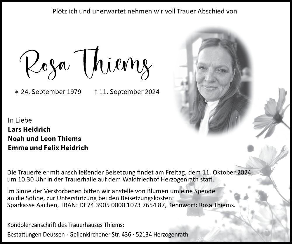 Hier finden Sie alle Traueranzeigen aus der Zeitung, die bisher für Rosa Thiems erschienen sind. Weitere Traueranzeigen, die in der Zeitung erscheinen, werden hier ebenfalls aufgelistet
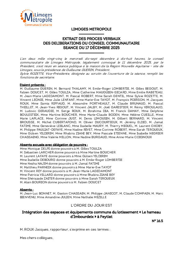 DélibérationIntégration des espaces et équipements communs du lotissement « Le hameau d’Imbourdeix » à Feytiat1 documentPublié le 24 Décembre 2025 Délibération du 17 décembre 2025 16_5.pdf (.pdf, 211,2 Ko) Télécharger PrécédentRetour à la listeSuivant
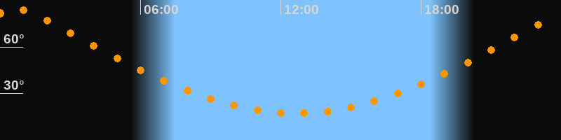 Höchster Stand (Kulmination)00:38 Uhr (h = 84,1°)

[WHAT NEEDS TO BE DONE] The complete material, set down exactly and stripped of pictures, is the expected response.

[SOLUTION TO THIS EXERCISE]
 Hier finden Sie alle Traueranzeigen aus der Zeitung, die bisher für Rosa Thiems erschienen sind. Weitere Traueranzeigen, die in der Zeitung erscheinen, werden hier ebenfalls aufgelistet
 DélibérationIntégration des espaces et équipements communs du lotissement « Le hameau d’Imbourdeix » à Feytiat1 documentPublié le 24 Décembre 2025 Délibération du 17 décembre 2025 16_5.pdf (.pdf, 211,2 Ko) Télécharger PrécédentRetour à la listeSuivant
 Höchster Stand (Kulmination)00:38 Uhr (h = 84,1°)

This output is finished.